* _WHAT YOU SHOULD DO_: No picture belongs in the copy. Repeat each line below exactly.

* _GIVEN DATA_:

_____

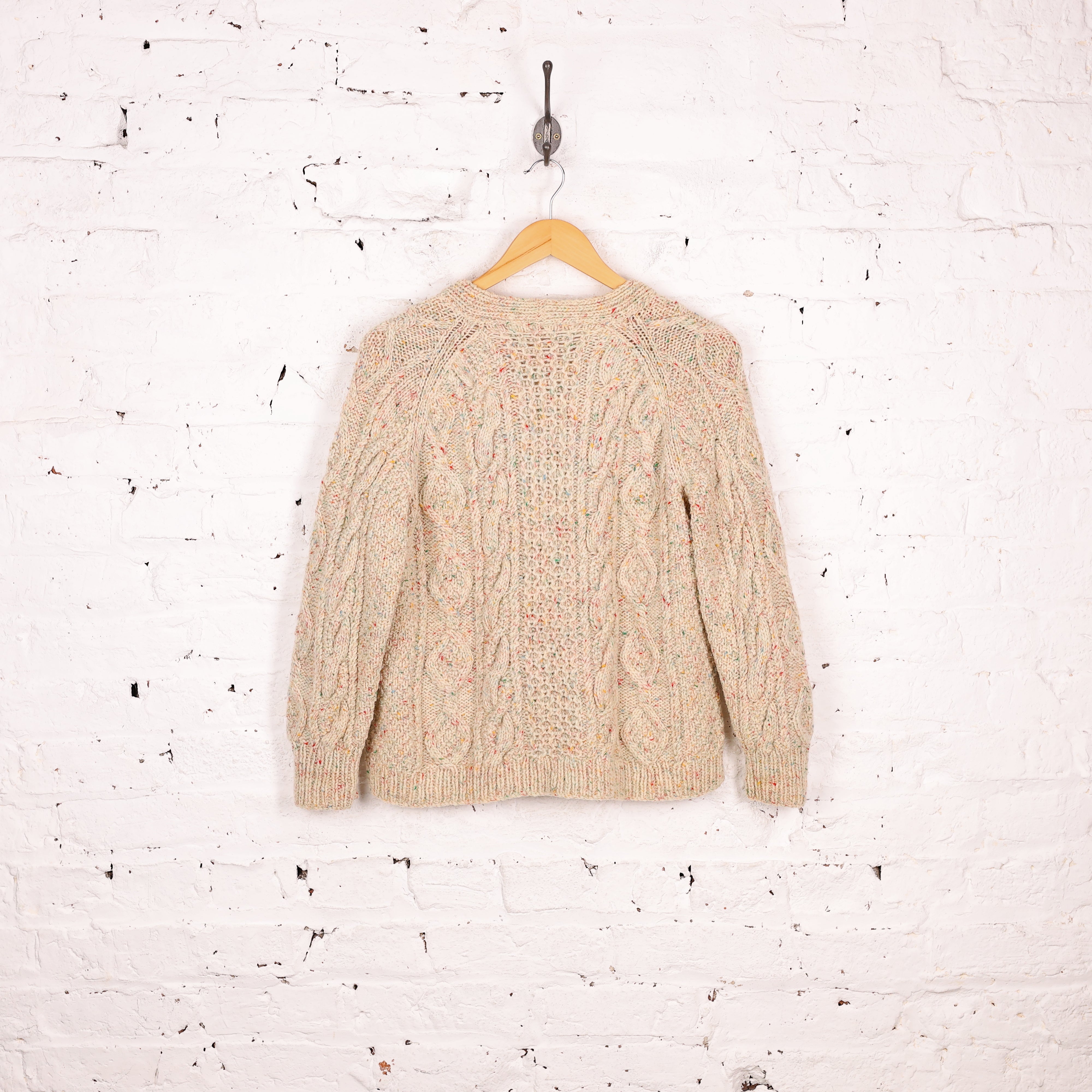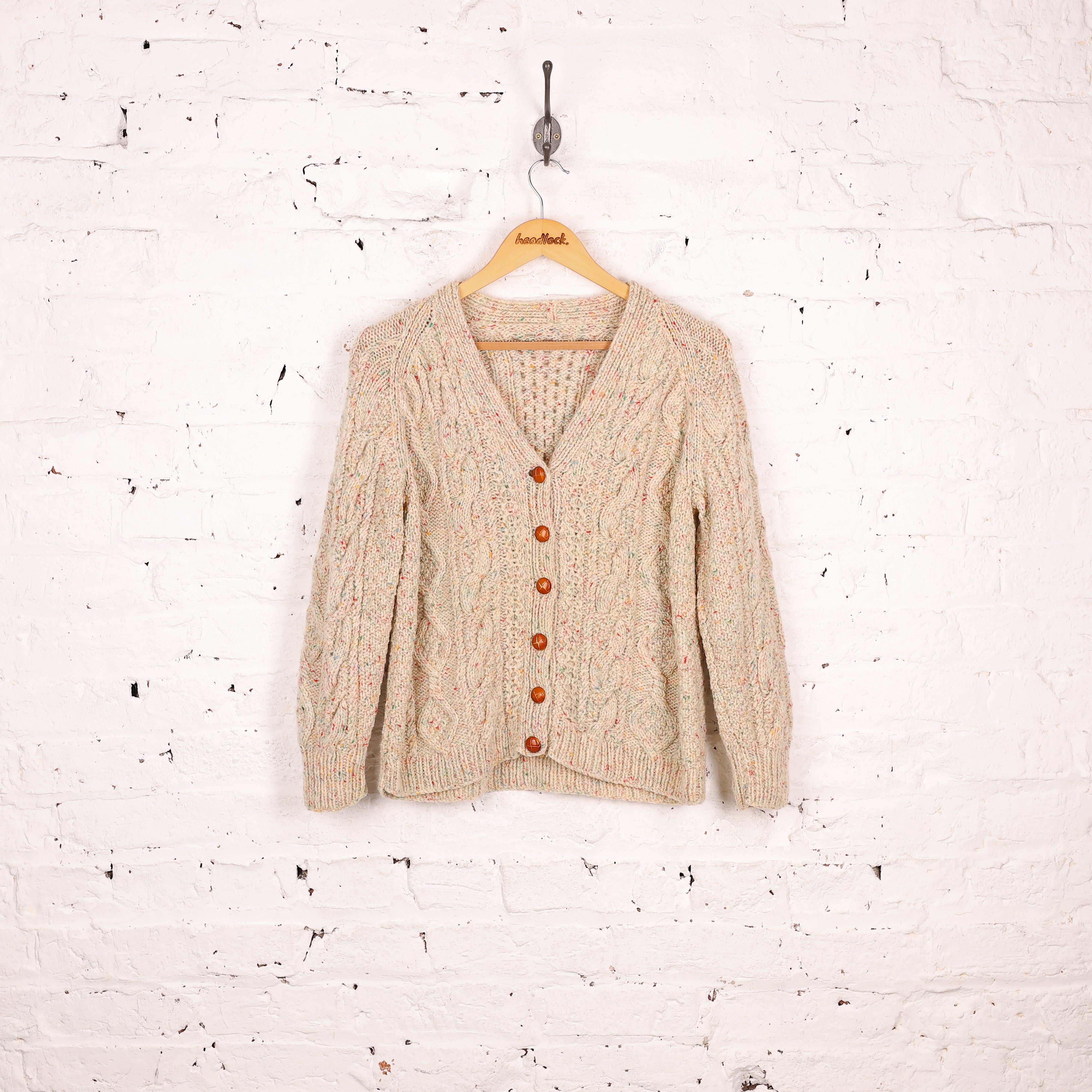 Good condition. Aran cable knit cardigan in beige colour with fleck colourful wool yarn, football buttoning fasten and crop fitting.
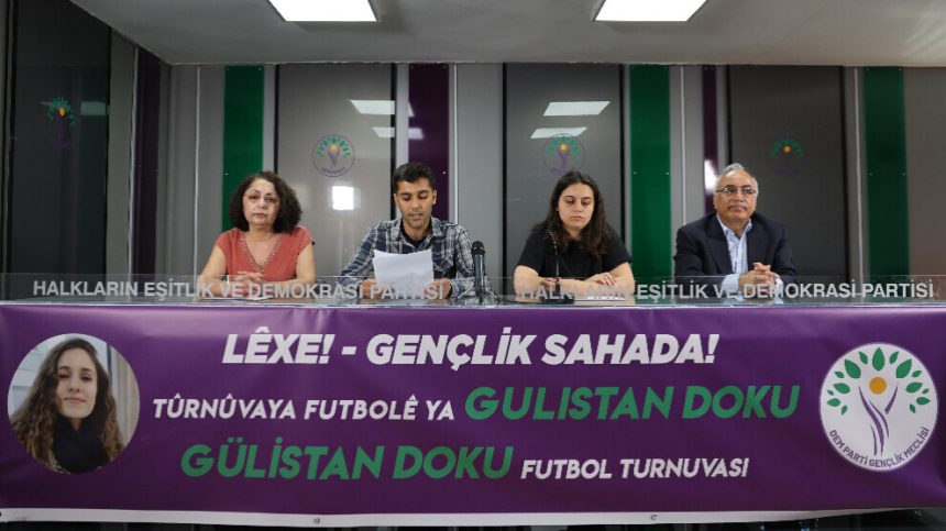 Meclisa Ciwanan a Partiya Wekhevî û Demokrasiyê ya Gelan (DEM Partî) di navenda partiyê de derbarê Turnuvaya Futbolê ya Gulistan Dokuyê daxuyaniya çapemeniyê da. Kurdiya daxuyaniyê endamê Lijneya Rêveber a Meclisa Ciwanan a DEM Partiyê Oguzhan Ozbay tirkiya wê jî berdevka Meclisa Ciwanan Edanur Îbrahîmoglû xwend.
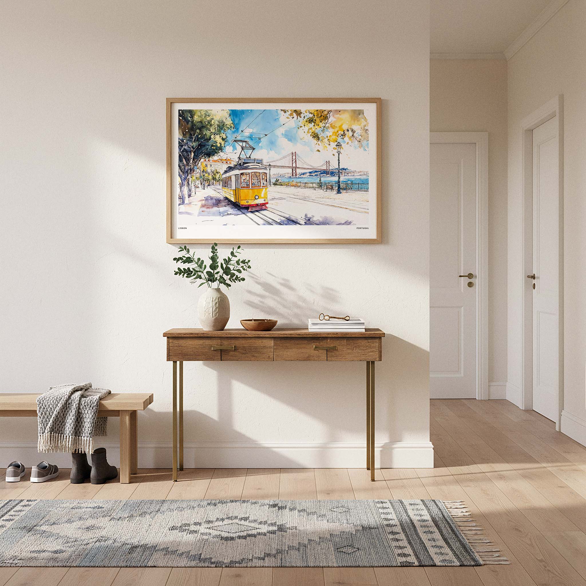 Framed Lisbon Portugal Yellow Tram Watercolor Art Print – Scenic Cityscape Wall Decor
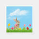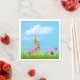 Tulipes de printemps dans l'herbe avec mignon lapin de Pâques brun et bleu ciel arrière - plan

_____

* _OUTPUT OF THE EXERCISE_:
 Good condition. Aran cable knit cardigan in beige colour with fleck colourful wool yarn, football buttoning fasten and crop fitting.
 Meclisa Ciwanan a Partiya Wekhevî û Demokrasiyê ya Gelan (DEM Partî) di navenda partiyê de derbarê Turnuvaya Futbolê ya Gulistan Dokuyê daxuyaniya çapemeniyê da. Kurdiya daxuyaniyê endamê Lijneya Rêveber a Meclisa Ciwanan a DEM Partiyê Oguzhan Ozbay tirkiya wê jî berdevka Meclisa Ciwanan Edanur Îbrahîmoglû xwend.
 Framed Lisbon Portugal Yellow Tram Watercolor Art Print – Scenic Cityscape Wall Decor
 Tulipes de printemps dans l'herbe avec mignon lapin de Pâques brun et bleu ciel arrière - plan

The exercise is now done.